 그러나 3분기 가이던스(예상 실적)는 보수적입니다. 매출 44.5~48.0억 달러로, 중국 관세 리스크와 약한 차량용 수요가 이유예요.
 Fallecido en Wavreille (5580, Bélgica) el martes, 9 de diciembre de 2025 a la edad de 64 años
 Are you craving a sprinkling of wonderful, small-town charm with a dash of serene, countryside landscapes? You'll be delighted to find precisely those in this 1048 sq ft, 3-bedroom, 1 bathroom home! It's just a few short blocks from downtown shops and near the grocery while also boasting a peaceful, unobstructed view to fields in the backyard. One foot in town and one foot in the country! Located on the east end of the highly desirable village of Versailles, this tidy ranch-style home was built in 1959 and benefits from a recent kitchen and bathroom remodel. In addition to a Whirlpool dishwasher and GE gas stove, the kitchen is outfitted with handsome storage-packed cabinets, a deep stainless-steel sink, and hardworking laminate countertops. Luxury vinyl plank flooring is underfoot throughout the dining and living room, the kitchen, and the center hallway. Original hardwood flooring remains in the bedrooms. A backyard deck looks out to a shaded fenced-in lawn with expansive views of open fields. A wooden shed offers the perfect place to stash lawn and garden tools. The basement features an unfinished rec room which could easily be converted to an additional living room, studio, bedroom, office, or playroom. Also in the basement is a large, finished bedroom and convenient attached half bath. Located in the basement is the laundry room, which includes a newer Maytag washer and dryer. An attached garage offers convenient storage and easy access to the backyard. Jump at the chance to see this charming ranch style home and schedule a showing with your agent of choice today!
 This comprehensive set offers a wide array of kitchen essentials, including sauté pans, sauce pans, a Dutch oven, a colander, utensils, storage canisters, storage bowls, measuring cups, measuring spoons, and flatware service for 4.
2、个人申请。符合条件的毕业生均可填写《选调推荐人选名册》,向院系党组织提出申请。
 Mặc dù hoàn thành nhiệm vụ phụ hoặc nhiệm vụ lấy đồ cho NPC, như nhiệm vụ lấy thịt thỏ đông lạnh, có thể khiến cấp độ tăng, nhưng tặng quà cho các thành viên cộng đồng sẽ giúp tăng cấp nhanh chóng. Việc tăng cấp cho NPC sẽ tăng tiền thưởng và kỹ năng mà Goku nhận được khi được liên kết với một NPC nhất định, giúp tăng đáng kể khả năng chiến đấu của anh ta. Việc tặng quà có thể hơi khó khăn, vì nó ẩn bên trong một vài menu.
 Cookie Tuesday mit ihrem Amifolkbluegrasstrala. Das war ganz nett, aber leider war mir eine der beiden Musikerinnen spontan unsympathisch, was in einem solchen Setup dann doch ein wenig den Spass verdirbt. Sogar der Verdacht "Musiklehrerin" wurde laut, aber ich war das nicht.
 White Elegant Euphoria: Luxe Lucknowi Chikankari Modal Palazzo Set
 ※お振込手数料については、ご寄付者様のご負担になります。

...

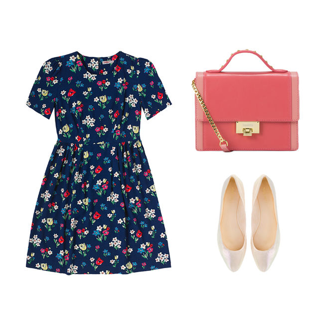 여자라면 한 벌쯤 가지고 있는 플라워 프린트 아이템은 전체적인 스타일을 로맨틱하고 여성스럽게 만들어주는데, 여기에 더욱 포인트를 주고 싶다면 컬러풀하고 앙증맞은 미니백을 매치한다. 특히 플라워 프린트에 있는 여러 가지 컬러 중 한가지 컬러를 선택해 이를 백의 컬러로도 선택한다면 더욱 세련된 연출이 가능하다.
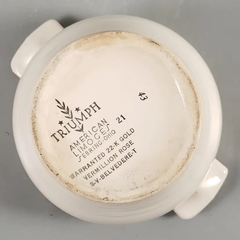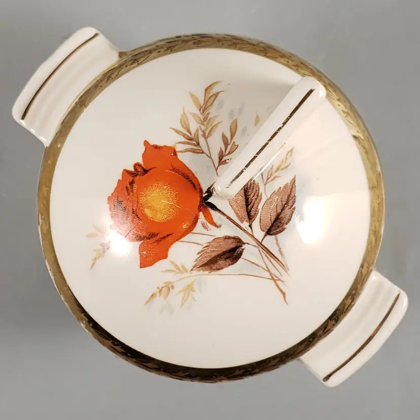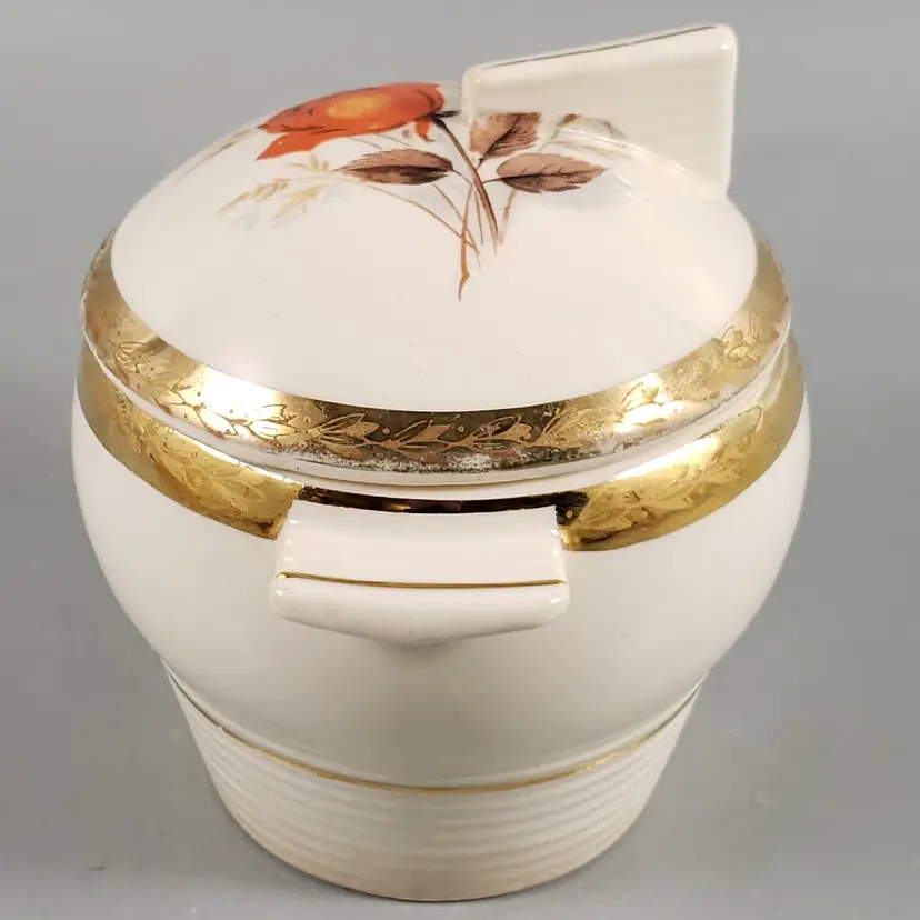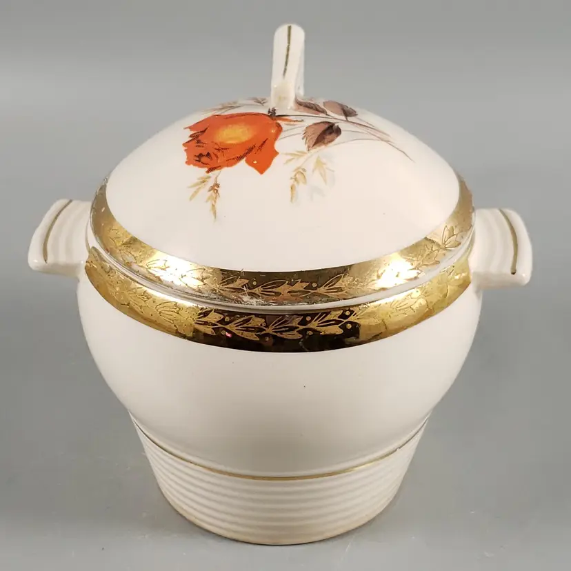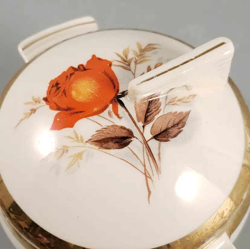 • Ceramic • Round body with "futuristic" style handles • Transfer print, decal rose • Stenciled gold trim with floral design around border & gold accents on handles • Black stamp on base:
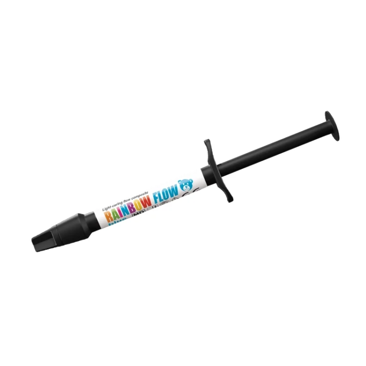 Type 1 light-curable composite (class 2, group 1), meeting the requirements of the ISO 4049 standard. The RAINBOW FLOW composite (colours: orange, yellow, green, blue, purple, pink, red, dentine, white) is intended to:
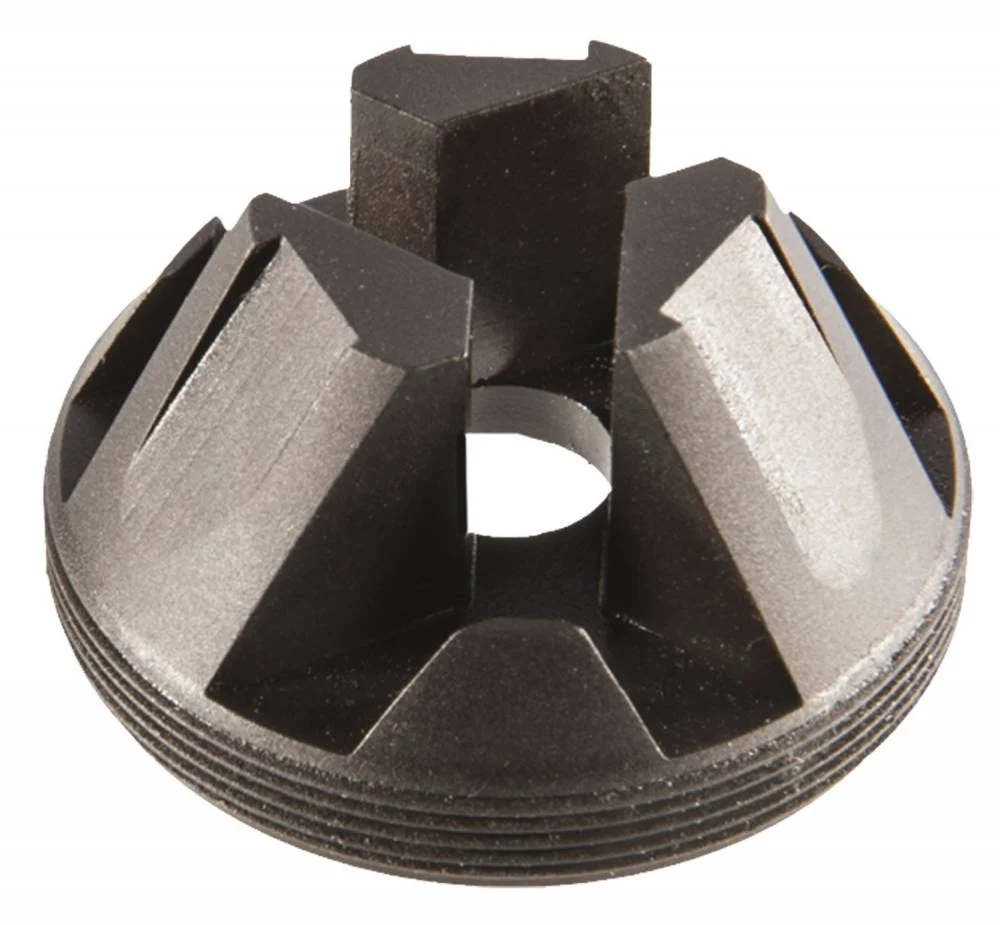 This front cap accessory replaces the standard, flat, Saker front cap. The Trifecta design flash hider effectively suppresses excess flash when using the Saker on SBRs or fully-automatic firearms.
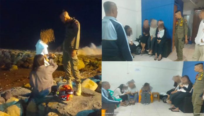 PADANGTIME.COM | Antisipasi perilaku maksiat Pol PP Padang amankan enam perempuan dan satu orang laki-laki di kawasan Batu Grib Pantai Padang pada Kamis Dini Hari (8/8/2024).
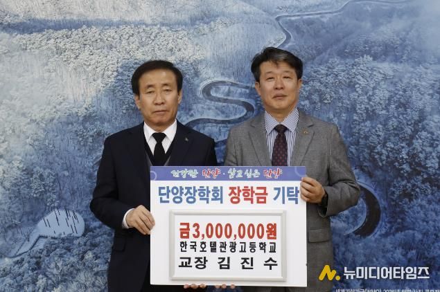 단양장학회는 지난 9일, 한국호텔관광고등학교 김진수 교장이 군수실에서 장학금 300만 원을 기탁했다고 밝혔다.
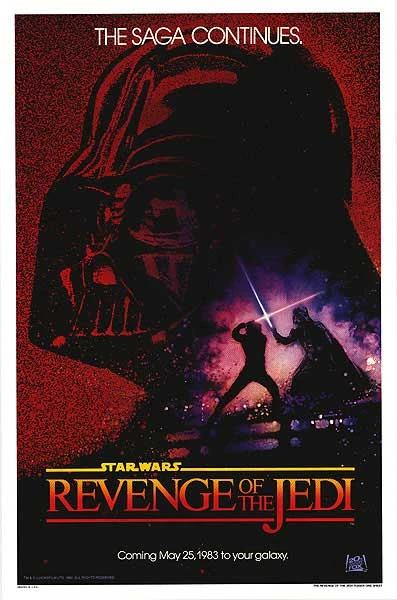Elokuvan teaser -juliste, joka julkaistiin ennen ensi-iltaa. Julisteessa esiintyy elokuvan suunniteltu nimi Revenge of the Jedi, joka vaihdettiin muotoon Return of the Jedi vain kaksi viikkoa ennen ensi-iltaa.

• **Prompt**: For the material above, give again only the lines starting at the line that contains "PADANGTIME.COM | Antisipasi" and ending at the line that contains "Elokuvan teaser -juliste, joka". Pictures do not belong in the copy.

• **Result below**:
 PADANGTIME.COM | Antisipasi perilaku maksiat Pol PP Padang amankan enam perempuan dan satu orang laki-laki di kawasan Batu Grib Pantai Padang pada Kamis Dini Hari (8/8/2024).
 단양장학회는 지난 9일, 한국호텔관광고등학교 김진수 교장이 군수실에서 장학금 300만 원을 기탁했다고 밝혔다.
Elokuvan teaser -juliste, joka julkaistiin ennen ensi-iltaa. Julisteessa esiintyy elokuvan suunniteltu nimi Revenge of the Jedi, joka vaihdettiin muotoon Return of the Jedi vain kaksi viikkoa ennen ensi-iltaa.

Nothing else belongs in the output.